Today I want to share my mask. It was made while in residential care following a third hospitalization (and the second involuntary) in August 2023, and the last time I was not well controlled by medication, therapy, and lifestyle practices depending on how you view this series. The recovery from this episode, still ongoing, was much harder than any of the others, due to the mess of thoughts that came up during it, my lack of confidence in myself following it, large medical bills, legal troubles, and friendships I am scared to even “ping” because of some of the things that might have happened during it. When I had a choice to spend a crazy amount of dollars to go into residential care for a month to start to come to some acceptance with being bipolar, I took it. And acceptance is not just that I am bipolar and have creative bursts and high energy moments, but that it has real real danger with it and however smart someone thinks I am there is no way I can “outthink” my mania or hope to care for this by myself.

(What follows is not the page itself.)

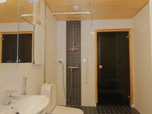 - Pesutilojen varusteet: WC-istuin, suihku, pesuallas, peilikaappi, bidee-suihku, pesukoneliitäntä ja lattialämmitys. Erillisten WC:n lukumäärä: 2. Erillisen WC:n varusteet: WC-istuin, peilikaappi, pesuallas ja bidee-suihku. Erillisen WC:n kuvaus: Erillinen wc ja toinen wc pesutilojen yhteydessä.

I need to stay connected and open with doctors, therapists, and loved ones or I cannot be my best self and stay my best self.

Alongside a lot of work during residential care, there was a larger project to make your mask. The prompt was to make a picture of how the world sees you (the outside of the mask), while also capturing how you see yourself (the inside of the mask). My outward look is usually a “mirror” — I try to reflect your thoughts or feelings so except for obvious things I can’t hide like my love of science, puzzles, and games, you don’t get much outwardly most of the time. Even the inside of my mask has a twisted side which is how I think you think I see you. Maybe I am mostly an enigma. Inside my mask on my open side you can see in the emotional mix LOVE is strong but also SAD and LONELY. Around the rim of the mask I wrote an A-Z set of descriptors for me, in the style of some memorable writings from my past and often a changing inventory of adjectives and passions. To help those who want to actually know what those are without working through the video too much:

Amazing, Biotech leader, Compassionate, Diligent, Empathetic, Funny, Grandmaster, Helpful, Integrity, Joyful, Kind, Loving, Marathon runner, No nonsense, Ozymandius-like Observation, Problem solver, Questioning, Radiohead, Sudoku, Team builder, Uncon/venti/onal (written unconventionally), Van Gogh, Worrier, Xoogler, “Yes and,” and Zero to infinity.

The description above scratches the surface of the mask’s meaning, in the same way it scratches the surface of me at this moment in my life. But I am open to anyone who wants to see more.

Video of the artwork

I have a lot more therapy art, but nothing else that I am sharing this year or that is more directly “me”. I look at this many nights on my bed stand to understand which of the alphabet of problems and possibilities is the one for today.